Your goal:
Among the entries below, retype exactly the lines starting with the one with "12月26日,国务院新闻办公" and going on through the one with "Nadanie udzielone Najjaśniejszemu", but not the pictures.

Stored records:

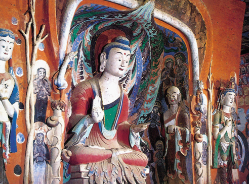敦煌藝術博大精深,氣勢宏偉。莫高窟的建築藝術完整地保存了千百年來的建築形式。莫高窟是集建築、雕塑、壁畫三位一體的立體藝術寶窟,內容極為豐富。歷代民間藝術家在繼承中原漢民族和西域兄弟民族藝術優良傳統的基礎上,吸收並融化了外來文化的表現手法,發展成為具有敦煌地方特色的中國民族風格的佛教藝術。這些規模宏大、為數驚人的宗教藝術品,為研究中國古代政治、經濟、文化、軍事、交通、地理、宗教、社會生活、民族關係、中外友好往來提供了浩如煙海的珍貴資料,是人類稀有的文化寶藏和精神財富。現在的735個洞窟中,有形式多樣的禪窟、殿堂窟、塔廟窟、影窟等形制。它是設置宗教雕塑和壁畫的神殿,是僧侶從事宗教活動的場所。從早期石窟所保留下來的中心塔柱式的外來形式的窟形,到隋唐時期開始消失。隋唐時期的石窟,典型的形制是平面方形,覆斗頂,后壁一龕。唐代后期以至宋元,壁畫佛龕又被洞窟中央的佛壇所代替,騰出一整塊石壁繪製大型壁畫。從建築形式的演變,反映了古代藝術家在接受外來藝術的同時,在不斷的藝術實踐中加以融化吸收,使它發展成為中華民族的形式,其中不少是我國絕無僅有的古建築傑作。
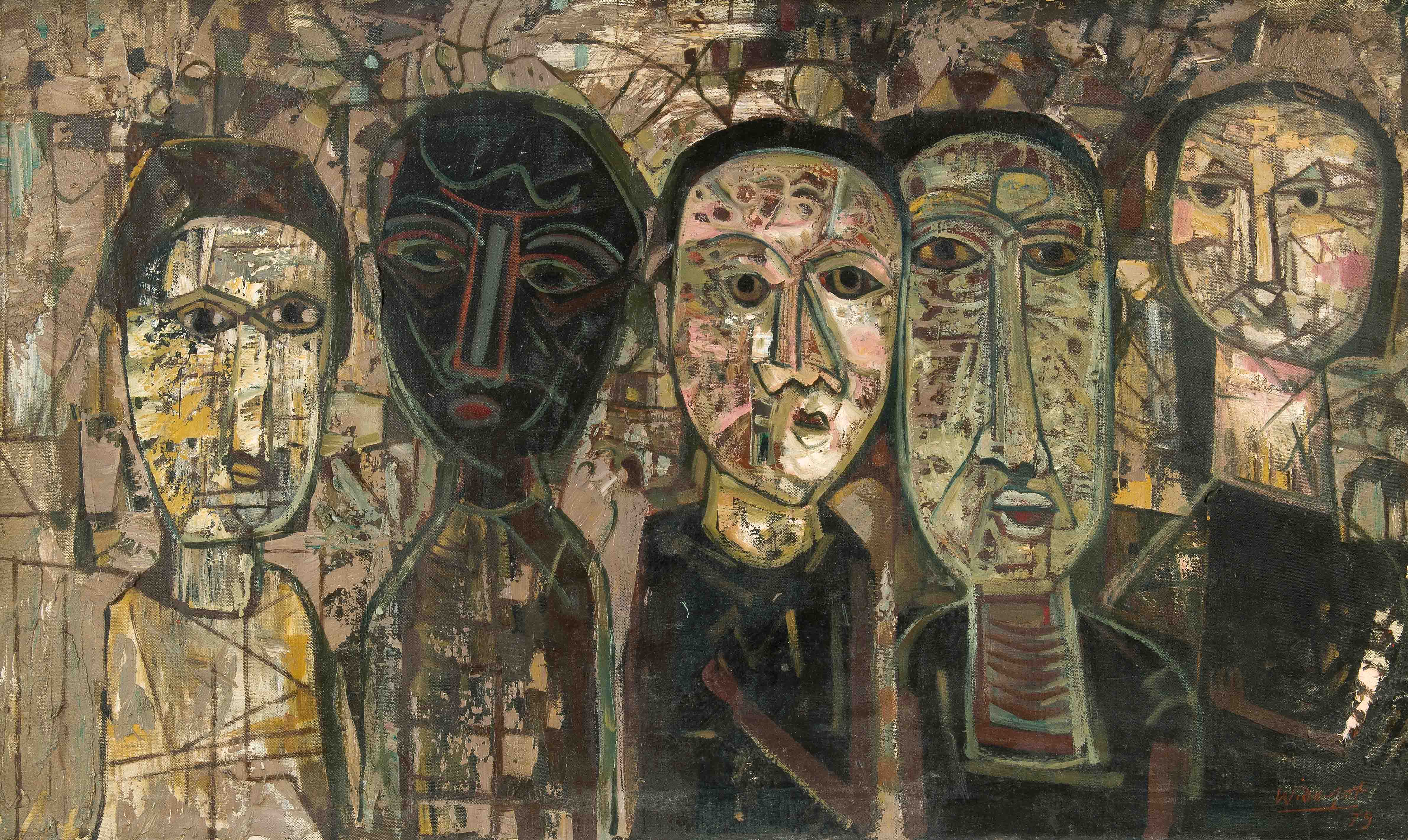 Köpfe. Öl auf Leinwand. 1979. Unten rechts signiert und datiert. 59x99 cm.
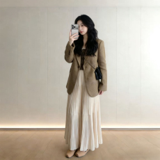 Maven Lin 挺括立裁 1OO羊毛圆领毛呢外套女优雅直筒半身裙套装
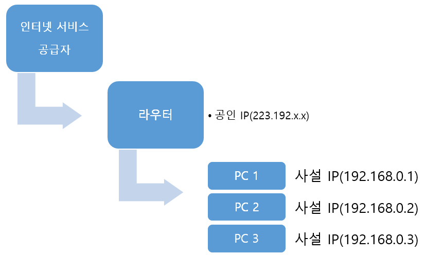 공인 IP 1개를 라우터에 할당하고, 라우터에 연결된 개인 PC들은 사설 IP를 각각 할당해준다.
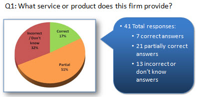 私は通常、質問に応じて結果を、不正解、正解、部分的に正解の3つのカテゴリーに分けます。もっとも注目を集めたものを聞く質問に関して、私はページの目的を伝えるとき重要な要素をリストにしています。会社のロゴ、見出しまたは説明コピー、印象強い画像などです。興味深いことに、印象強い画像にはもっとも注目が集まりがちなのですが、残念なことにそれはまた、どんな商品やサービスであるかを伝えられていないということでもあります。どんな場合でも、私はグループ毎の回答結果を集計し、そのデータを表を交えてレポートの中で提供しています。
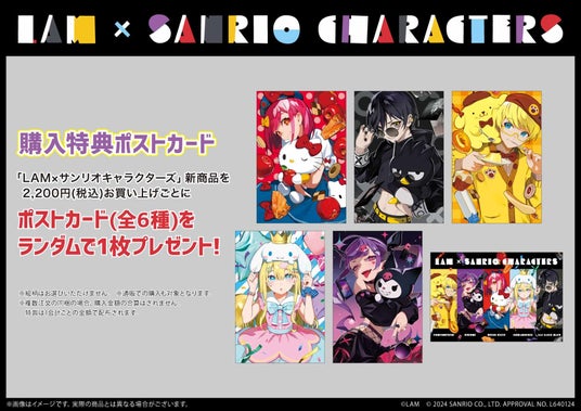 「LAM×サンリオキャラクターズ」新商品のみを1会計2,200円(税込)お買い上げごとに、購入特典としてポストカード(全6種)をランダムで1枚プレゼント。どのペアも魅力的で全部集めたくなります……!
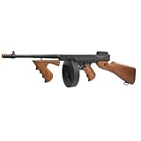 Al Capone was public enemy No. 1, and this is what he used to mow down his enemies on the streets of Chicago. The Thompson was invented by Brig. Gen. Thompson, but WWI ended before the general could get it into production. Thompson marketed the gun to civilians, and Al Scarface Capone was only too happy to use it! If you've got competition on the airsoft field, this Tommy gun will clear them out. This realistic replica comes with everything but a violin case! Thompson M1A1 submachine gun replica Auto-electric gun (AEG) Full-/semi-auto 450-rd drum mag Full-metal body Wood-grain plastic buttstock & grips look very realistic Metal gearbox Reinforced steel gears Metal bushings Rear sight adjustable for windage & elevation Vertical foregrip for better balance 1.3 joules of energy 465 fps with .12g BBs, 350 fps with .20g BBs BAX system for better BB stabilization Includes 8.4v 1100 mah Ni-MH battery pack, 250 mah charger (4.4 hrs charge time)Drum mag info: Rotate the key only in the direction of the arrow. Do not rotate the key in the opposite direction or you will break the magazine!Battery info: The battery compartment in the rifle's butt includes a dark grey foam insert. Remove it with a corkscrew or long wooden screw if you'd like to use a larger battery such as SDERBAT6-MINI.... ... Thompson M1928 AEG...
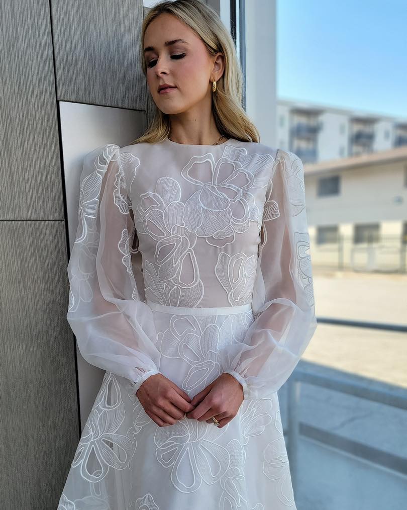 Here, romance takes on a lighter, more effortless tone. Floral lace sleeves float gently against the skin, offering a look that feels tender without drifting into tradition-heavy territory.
==
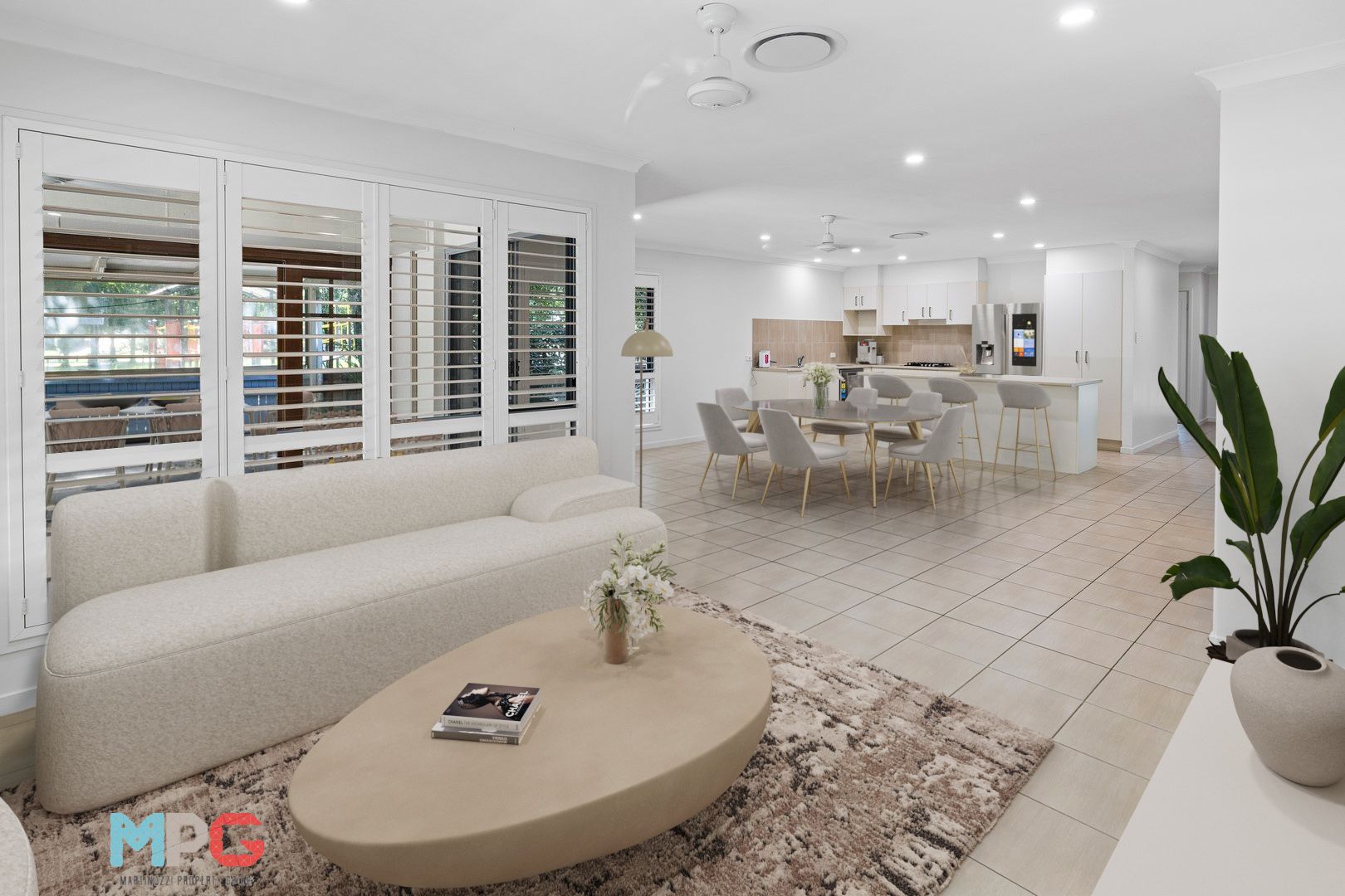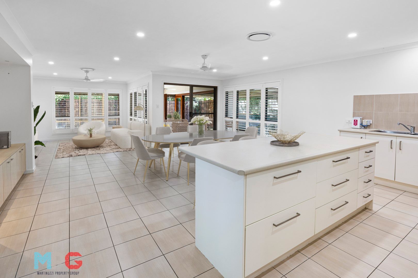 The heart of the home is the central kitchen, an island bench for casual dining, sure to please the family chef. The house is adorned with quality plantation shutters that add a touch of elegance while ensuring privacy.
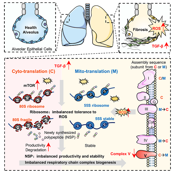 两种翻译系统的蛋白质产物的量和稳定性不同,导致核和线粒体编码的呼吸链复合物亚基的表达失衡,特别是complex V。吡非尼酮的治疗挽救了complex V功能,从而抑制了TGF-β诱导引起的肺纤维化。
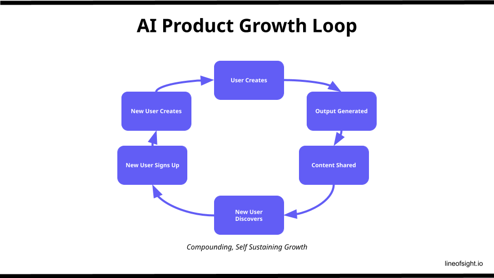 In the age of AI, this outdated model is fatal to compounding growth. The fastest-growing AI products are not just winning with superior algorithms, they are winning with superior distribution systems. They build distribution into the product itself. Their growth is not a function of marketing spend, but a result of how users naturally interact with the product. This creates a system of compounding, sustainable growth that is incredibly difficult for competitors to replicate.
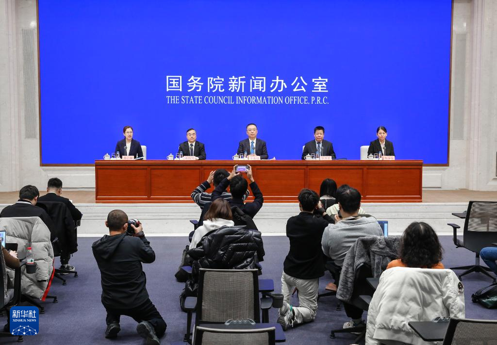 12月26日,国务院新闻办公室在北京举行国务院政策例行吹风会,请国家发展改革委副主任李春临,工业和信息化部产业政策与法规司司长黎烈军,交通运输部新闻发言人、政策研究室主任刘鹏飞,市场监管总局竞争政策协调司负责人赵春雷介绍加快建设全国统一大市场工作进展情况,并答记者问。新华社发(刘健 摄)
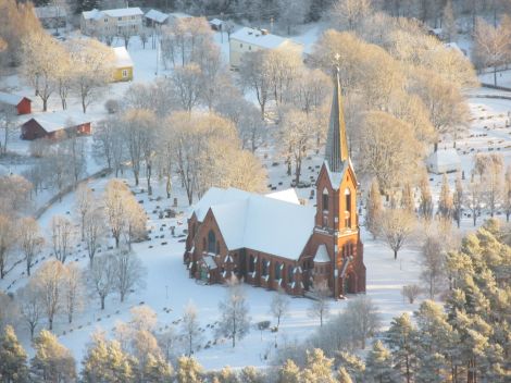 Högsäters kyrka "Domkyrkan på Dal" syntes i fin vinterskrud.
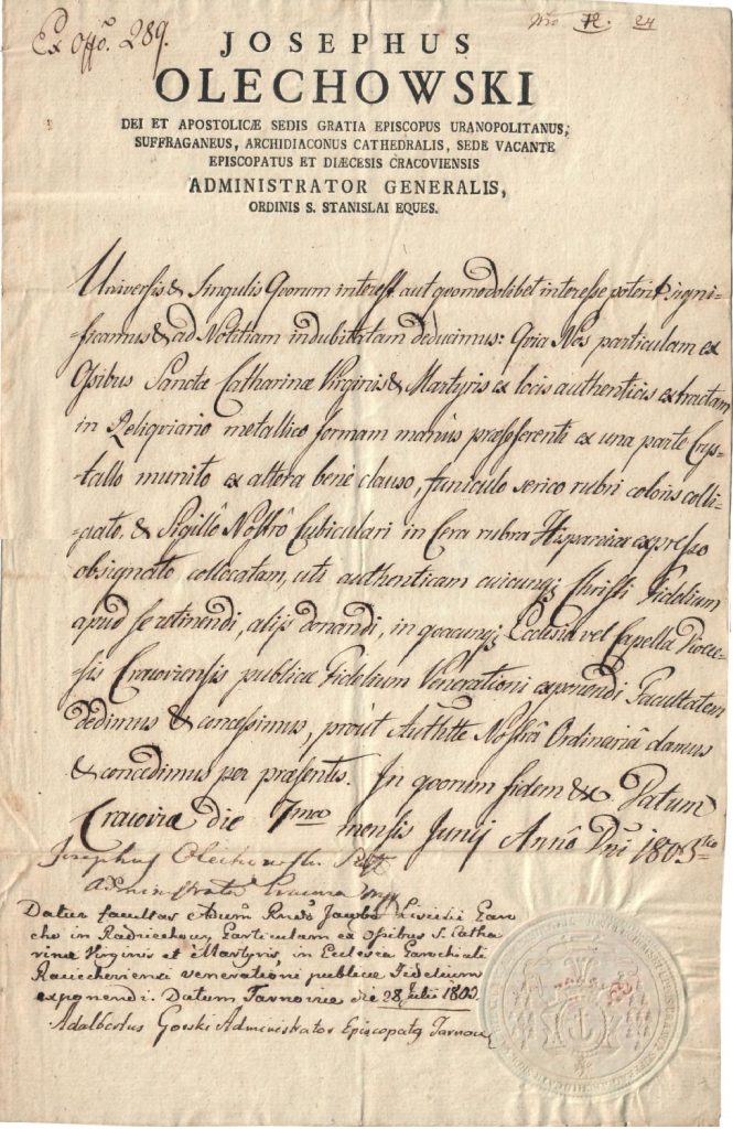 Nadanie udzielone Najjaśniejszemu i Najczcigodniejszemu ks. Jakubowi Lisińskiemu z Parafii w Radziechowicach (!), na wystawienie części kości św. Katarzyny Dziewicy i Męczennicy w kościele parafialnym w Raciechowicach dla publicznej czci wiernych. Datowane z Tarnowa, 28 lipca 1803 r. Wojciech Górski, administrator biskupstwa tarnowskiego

Result of the task:
 12月26日,国务院新闻办公室在北京举行国务院政策例行吹风会,请国家发展改革委副主任李春临,工业和信息化部产业政策与法规司司长黎烈军,交通运输部新闻发言人、政策研究室主任刘鹏飞,市场监管总局竞争政策协调司负责人赵春雷介绍加快建设全国统一大市场工作进展情况,并答记者问。新华社发(刘健 摄)
 Högsäters kyrka "Domkyrkan på Dal" syntes i fin vinterskrud.
 Nadanie udzielone Najjaśniejszemu i Najczcigodniejszemu ks. Jakubowi Lisińskiemu z Parafii w Radziechowicach (!), na wystawienie części kości św. Katarzyny Dziewicy i Męczennicy w kościele parafialnym w Raciechowicach dla publicznej czci wiernych. Datowane z Tarnowa, 28 lipca 1803 r. Wojciech Górski, administrator biskupstwa tarnowskiego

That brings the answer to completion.